To obtain these discounts, you or your professional travel consultant must

call US Airways' Group and Meeting Reservation Office toll free at (877)

874-7687; 8:00AM - 9:30PM, Eastern Time.  Refer to Gold File No. 74172333.

 

For further information:

 

Jorie Lagerwey
Executive Assistant
mailto: greg.sale@msi-intl.comjlagerwey@aglif.com

 

__________________________________________________________________

 

UAEL/EAEL Joint Las Vegas Conference  Faux Pas

 

United Association of Equipment Leasing Joint Conference

   with the Eastern Association of Equipment Lessors

2002 Spring Education Conference

Brent Hall has put this together, and he has thought of the right

times for workshops and fun !!!!  Bring your wife or girl friend,

and cash as you can't win, unless you play!

Bet On America!

EAEL and UAEL Together Again!

Ceasars Palace

Las Vegas, Nevada

Online registration coming soon.

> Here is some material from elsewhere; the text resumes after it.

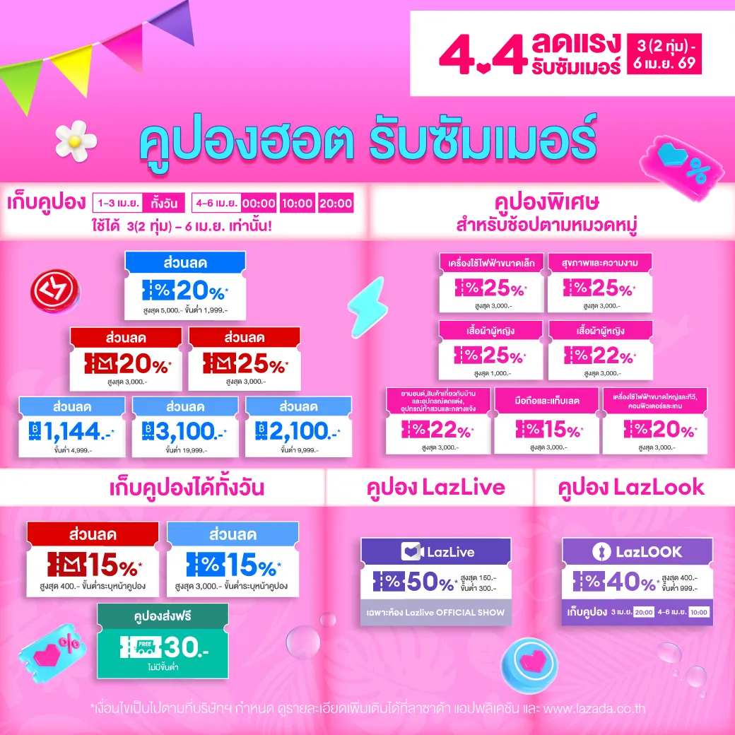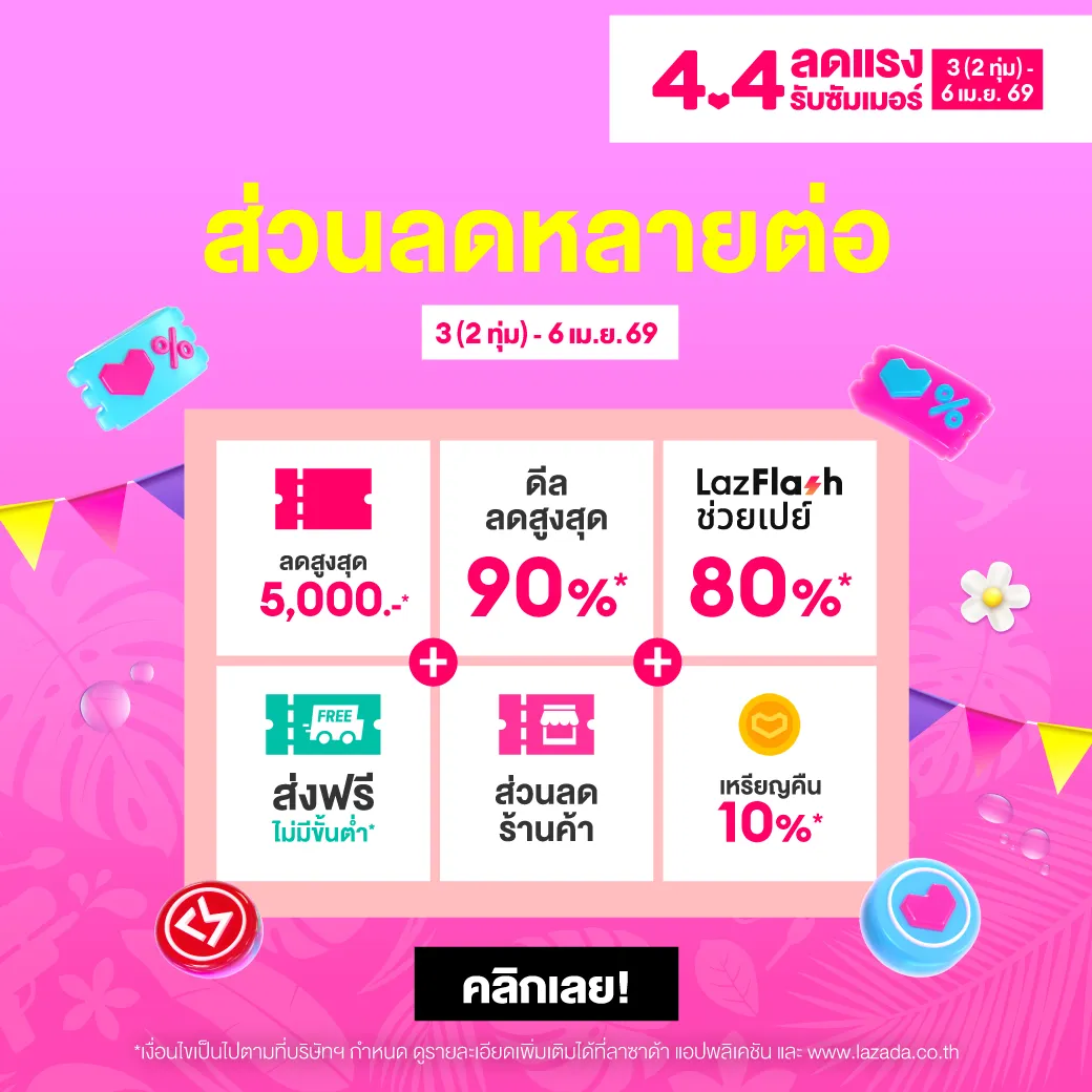 เข้าสู่หน้าร้อนอย่างเป็นทางการแบบนี้ ก่อนสาดน้ำสงกรานต์ ไทยรัฐช็อปปิ้งขอสาดโค้ดส่วนลดสุดคุ้ม จากแคมเปญ Lazada 4.4 ลดแรง รับซัมเมอร์ ให้ช็อปกันแบบฟินๆ ไม่ว่าจะเป็น คูปองส่วนลด ลดสูงสุด 5,000 บาท, คูปองส่วนลดช็อปปิ้งตามหมวดหมู่สินค้า ลดสูงสุด 3,000 บาท, คูปองส่วนลด LazMall ลดสูงสุด 3,000 บาท พร้อมคูปองส่งฟรีและสินค้าราคาพิเศษอีกมากมาย ลาซาด้า 4.4 เริ่มต้นตั้งแต่วันที่ 3 (2 ทุ่ม) - 6 เมษายน 2569

Check back for details.

 

 

I wrote “bring your wife or girl friend...bring cash” to Las Vegas.  I thought it was “cute.” Normally I put in spouse or significant other, but to liven it up, I thought I

would be “bawdy” saying bring your girl friend to “LAS VEGAS”.   The women didn’t find it humorous:

 

 

Kit,

Since Bette Kerhoulas (2003 UAEL President) and I don't have a wife or

"girlfriend", should we not attend the UAEL/EAEL Conference?

 

Ginny Young

GinnyYoung@bravacapital.com

 

( yes, attend, but leave your husband at home, unless you think

  you will have more fun with him in Vegas. Kit 

 

P.S. Only kidding, Ginny. You can bring your husband. You brought

  him to New Orleans, remember? We all had dinner together.)

 

-------

 

Just to let you know regarding your promo for the Spring conference...there

are women in this industry...are we allowed to bring husbands and boyfriends

or are only the men allowed to bring wives and girlfriends?

 

Sincerely,

Deborah J. Monosson

President

BOSTON FINANCIAL & EQUITY CORPORATION

20 Overland Street

Boston MA 02215

617-267-2900 Tel

617-437-7601

http://www.bfec.com

 

 

Debbie---I added that as a "gag"  meaning wife or girlfriend

 

What I will do next time I do this is say...”    bring  your husband or boyfriend”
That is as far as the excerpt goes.